TASK OBJECTIVE
Only one span of the listing below should come back. It runs from the line with "Exploiting recycling benefits" through the line with "Desde el Senado", and each of its lines must be reproduced exactly.

SOURCE INFORMATION
>>>

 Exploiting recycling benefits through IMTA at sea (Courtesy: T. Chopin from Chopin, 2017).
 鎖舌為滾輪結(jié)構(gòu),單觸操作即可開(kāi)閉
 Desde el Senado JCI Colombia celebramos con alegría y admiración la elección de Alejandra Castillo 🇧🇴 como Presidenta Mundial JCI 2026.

<<<
>>>

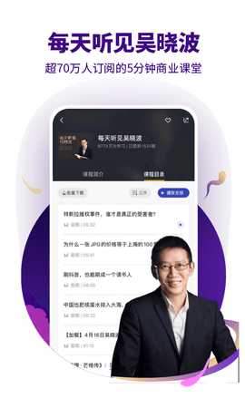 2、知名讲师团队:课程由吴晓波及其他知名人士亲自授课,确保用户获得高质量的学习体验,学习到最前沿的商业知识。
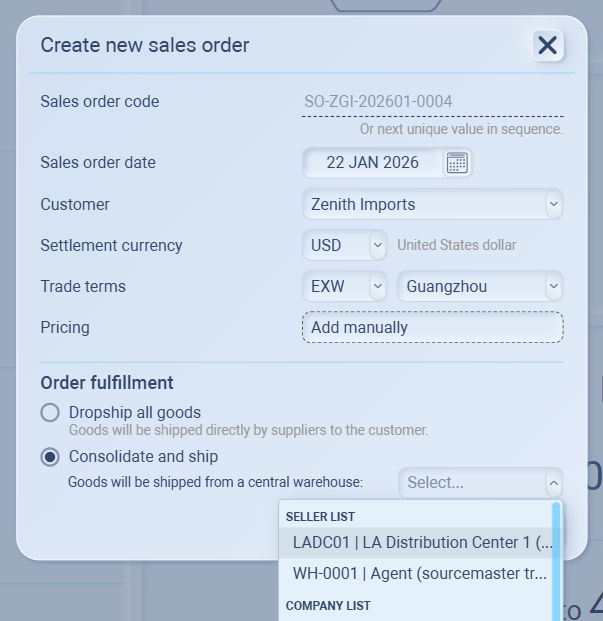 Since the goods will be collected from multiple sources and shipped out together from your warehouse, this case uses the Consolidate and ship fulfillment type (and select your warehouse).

<<<

ANSWER FOR THE TASK
 Exploiting recycling benefits through IMTA at sea (Courtesy: T. Chopin from Chopin, 2017).
 鎖舌為滾輪結(jié)構(gòu),單觸操作即可開(kāi)閉
 Desde el Senado JCI Colombia celebramos con alegría y admiración la elección de Alejandra Castillo 🇧🇴 como Presidenta Mundial JCI 2026.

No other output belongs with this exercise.